Houston Community College gets a user-friendly system that Windows-trained administrators are comfortable maintaining.

Faculty Web presence grows with Plone via Enfold Server, Proxy

Overview

“The Learning Web is the creative platform on which we will build a twenty-first century learning environment. If we construct it correctly, it will fundamentally change and revolutionize the way we do business. It will lead the way.”

Dr. Zachary R. Hodges, President, Houston Community College Northwest

Business need

With students increasingly depending on the Internet for information, Houston Community College Northwest needed to make more of its course resources available online. Faculty members needed the ability to build and manage their own Web presences, with a platform that was easier to use and more accessible than the college’s course management system.

Solution

Enfold Server and Enfold Proxy, plus training services provided by Enfold and Plone Bootcamps

Benefits

Faculty-member presence on the Web has grown tremendously, increasing student satisfaction and laying groundwork for better academic performance.

About Houston Community College Northwest

The Houston Community College System is one of the largest community college systems in the United States, serving more than 55,000 students in Houston and the surrounding area. Northwest College is one of five area colleges in the system, which also includes a health sciences college and a distance education program. The system provides courses for transfer to four-year institutions as well as terminal degrees, continuing education, corporate training and certificates in more than 70 fields of work.

Course management blues

In 2000, Houston Community College Northwest purchased a site license for a course management system. Among the college president's priorities was for faculty members to place their course syllabi online. But after three years, usage of the new system began to level off at a much lower level than expected. Nonusers said the system was too cumbersome and did not meet their expectations for a Web platform.

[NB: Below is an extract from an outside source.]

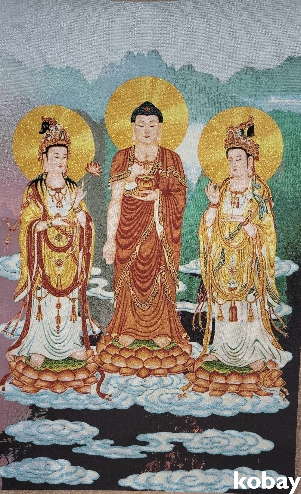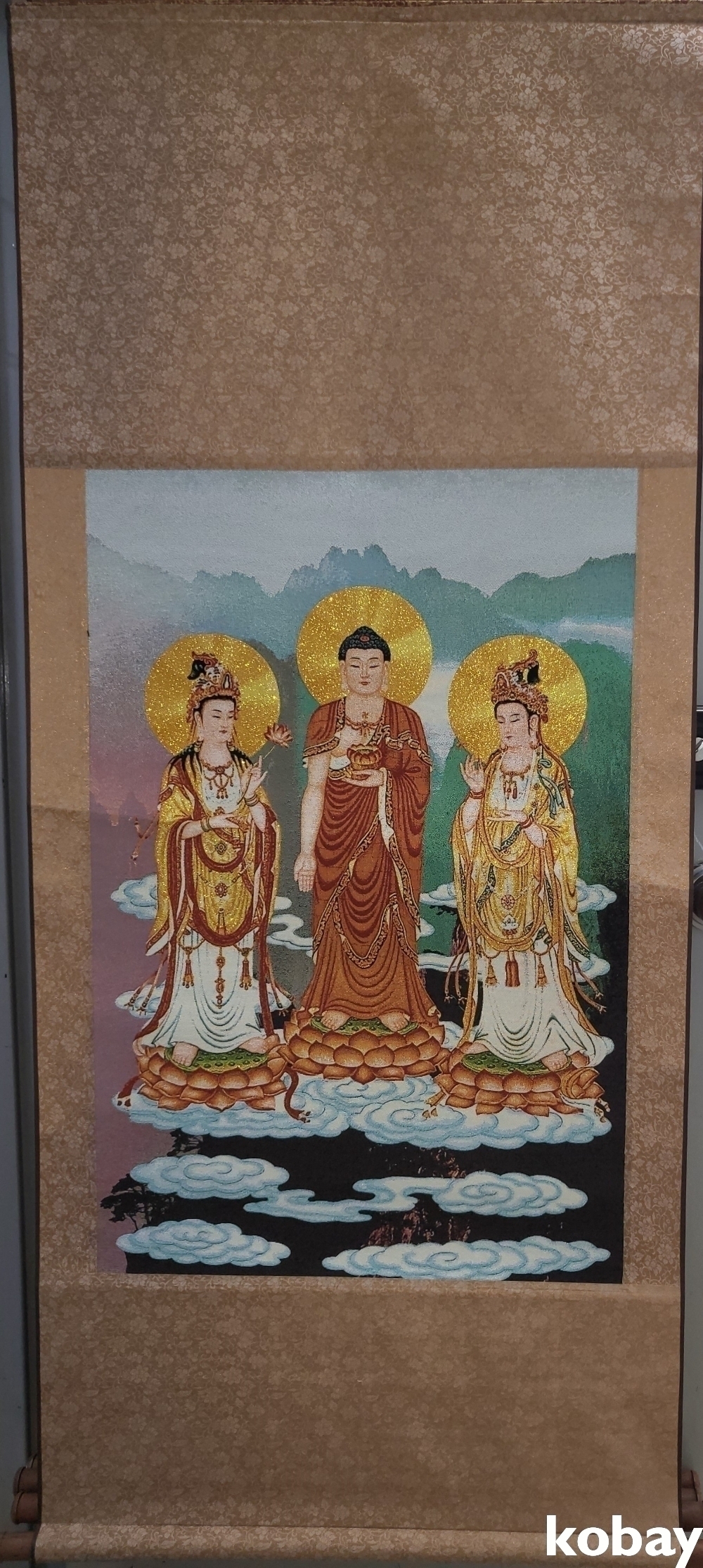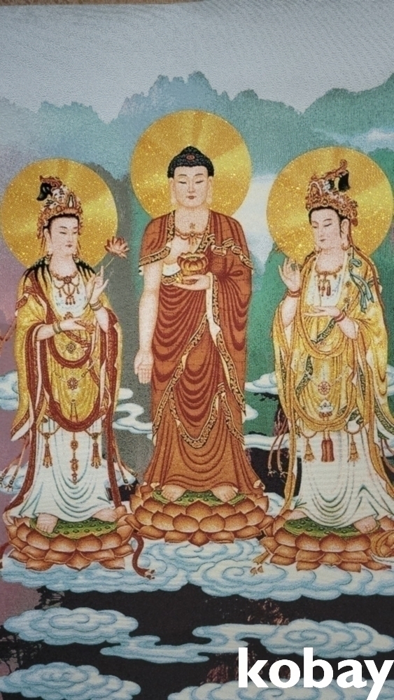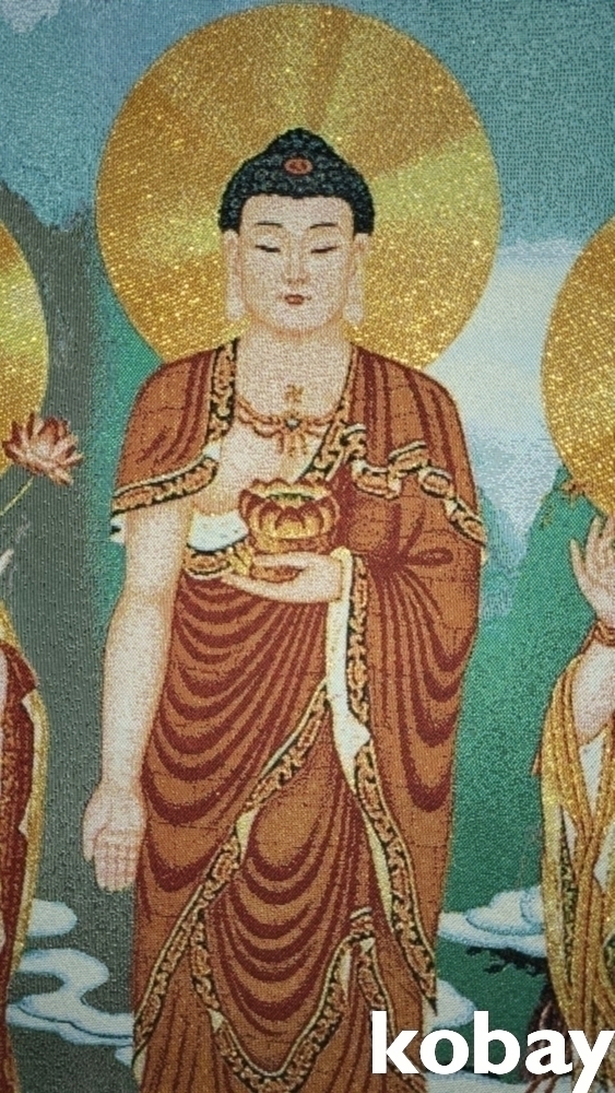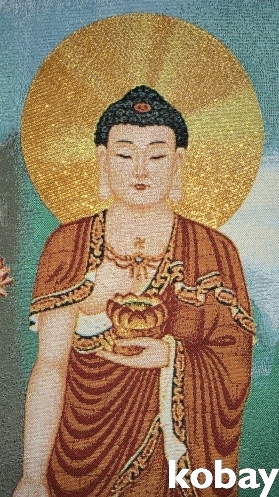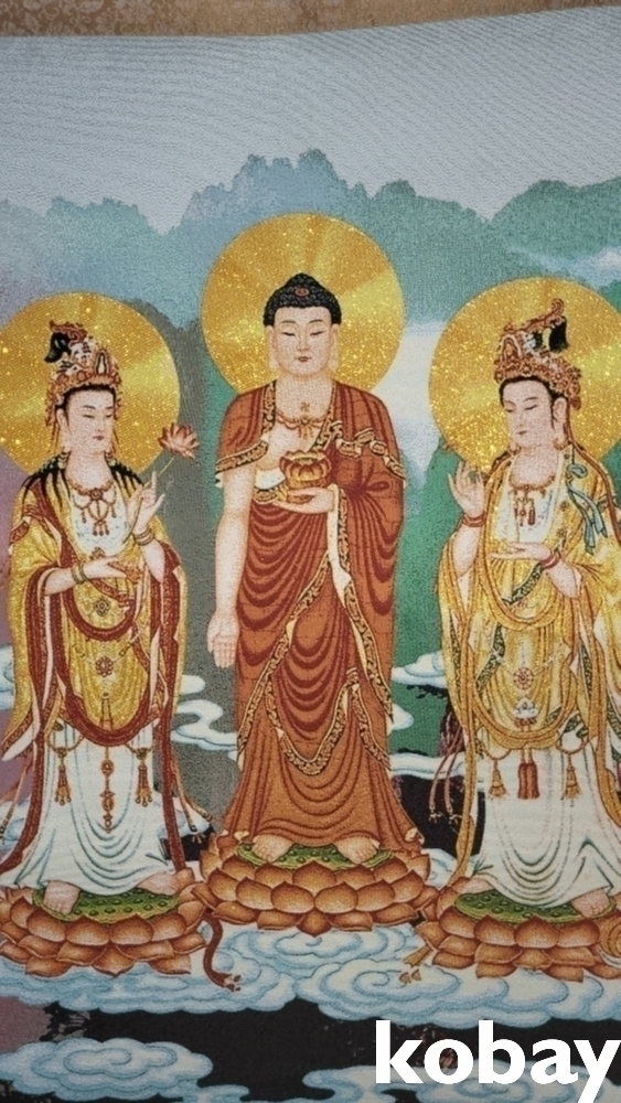 특별하고 두터운 천바닥 위에 불화(佛畵) 족자입니다,

Instructional Web designer Jordan Carswell realized that while the course management system was a necessary part of the college’s online presence and was critical to distance education efforts, the college would have to offer an alternative if it expected its faculty to move into a digital, online paradigm.

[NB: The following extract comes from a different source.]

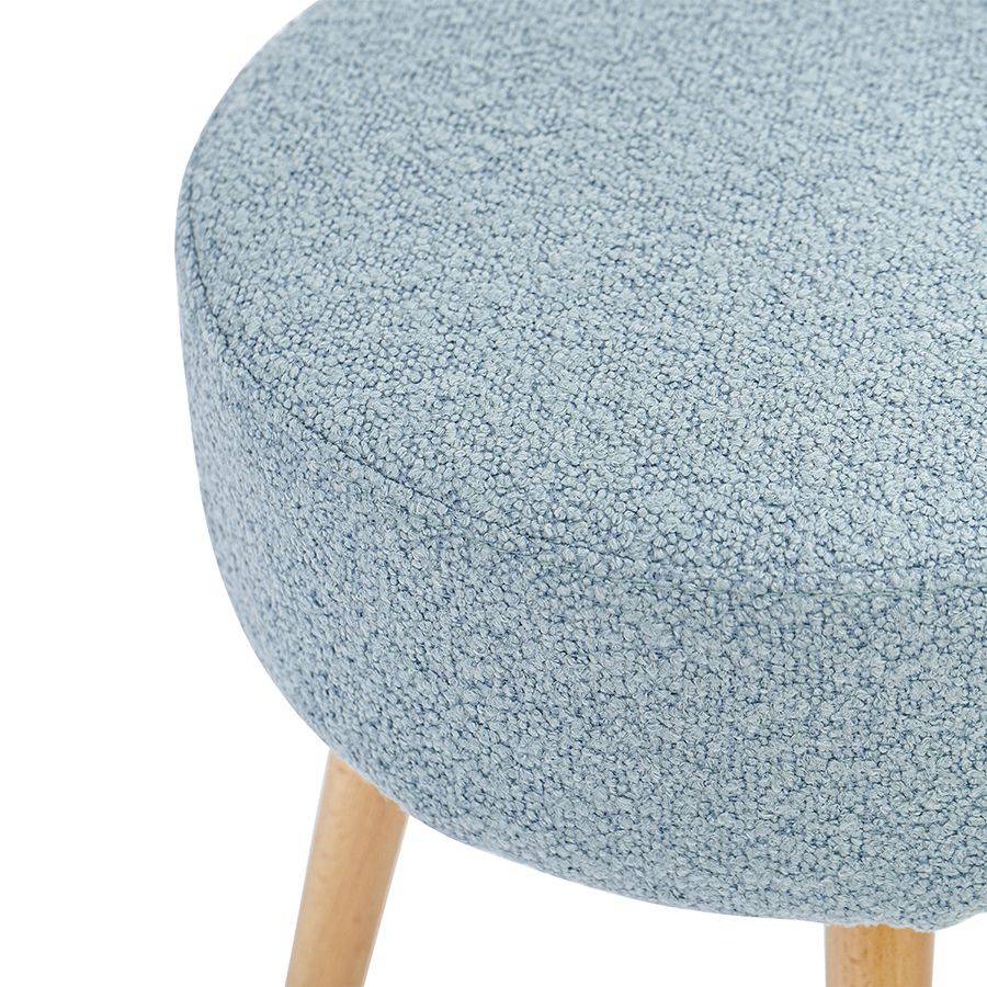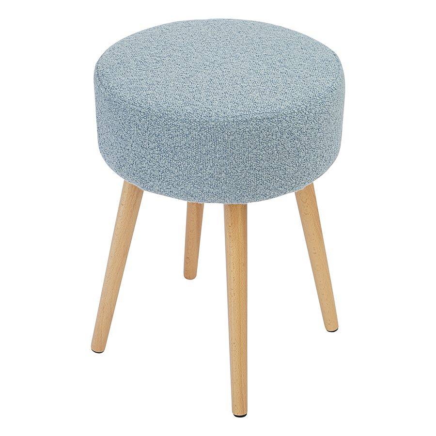Мягкое сиденье с обивкой из буклированной ткани и деревянные ножки делают мебель уютной и оригинальной. Такое сочетание материалов легко комбинируется практически с любой современной отделкой и декором. Ткань приятная на ощупь, при этом прочная и долговечная. Табурет также может использоваться как дополнительное место для сидения в комнате или в качестве подставки для ног во время отдыха на кресле или диване.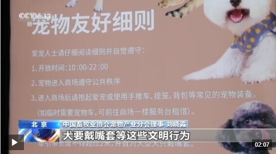 中国畜牧业协会宠物产业分会理事 刘晓霞:很多的公共场合已经开始有宠物友好的咖啡店、宠物友好的餐厅、宠物友好的商场。从养宠的意识上和接受养宠这件事情的意识上也会不断地提升和改变。尤其是年轻养宠人群的增加,对于这个事情的包容性有非常大的促进作用。我们也倡导养宠人群能够为社会做更多自我约束,执行文明养宠物的一些规则,比如说出门牵犬一定要带牵引绳,公众场合的时候,犬要戴嘴套等这些文明行为,它一定是一个相互的行为。

“It's simple: You've got a lot of different kinds of people, and you can't have just one kind of technology,” Carswell says, citing a presentation he later attended that validated his thinking at the time. “I realized that we needed to offer choices.”

Carswell's idea was to take advantage of open-source Web technology to create a site specifically for instruction, with tools that empowered faculty and staff members to build their own online presences. The software needed to be customizable, use open standards and follow accessibility guidelines. Content should be available to the public. In short, the platform needed to be simple, modular and open.

The open-source Plone content management system caught Carswell's attention because of its intuitive interface compared to the course management system. “Plone functions much more closely to the types of content management experiences people have on the Web,” he says, citing sites like Flickr and YouTube as roughly similar, familiar examples.

Carswell says Plone also was attractive because it was a mature, competitive system, easy to develop and manage, with a very active user community and many third-party products available.

Carswell put together a basic site, called the Learning Web, and chose to introduce it first to a group especially underrepresented in the course management system. He started showing English department faculty members how to post their course materials, and “it kind of grew organically from there,” he says.

Finding comfort with Plone

In fact, the Learning Web soon became too successful. “We got to the point where we reached critical mass with the Zope server,” Carswell says. When he asked the college’s Windows-trained technical support staff to set up a proxy server using Apache, “They looked at me like: 'Why are you giving us more work to do? We're not trained in any of these things.'”

That’s when Carswell and a colleague from another of the system’s area colleges contacted Enfold Systems. Soon they had moved the Learning Web to Enfold Server and Enfold Proxy, which increased system administrators’ comfort with Plone by letting them manage the system with their existing Windows Server skills, including easily setting up proxy servers with Internet Information Services (IIS) for better security and performance.

“The business requirements change when you move from a development to a production environment,” Carswell says. With Enfold Server and Proxy, the college gets the best of both worlds: the open-source flexibility of Plone, plus easy administration. “They're extremely professional products,” he says, allowing the college to “have the same kind of relationship as with other vendors.”

With this platform in place, plus training provided by Enfold and Plone Bootcamps, Carswell has been able to focus on customizations, including a look-and-feel and several content types. The custom member folder, where each faculty member places all content, displays contact information plus the faculty member's choice of an automatically generated content list or a customizable home page. Other content types Carswell created include course folder, syllabus and reading list. He also added third-party products for blogs, bookmarks, help centers, image galleries and wikis.

Eventually the four other area colleges in the system adopted the Learning Web too, and the sites have increased faculty Web presence tremendously. Carswell says members generally find the Learning Web easy to use and adaptable to their needs, and they feel empowered to shape its future development.

Based on their suggestions, Carswell sees the Learning Web adding new presentation capabilities for content collections of special interest to faculty members. “More and more, they'll be the narrators for the media that students consume in their courses,” he predicts.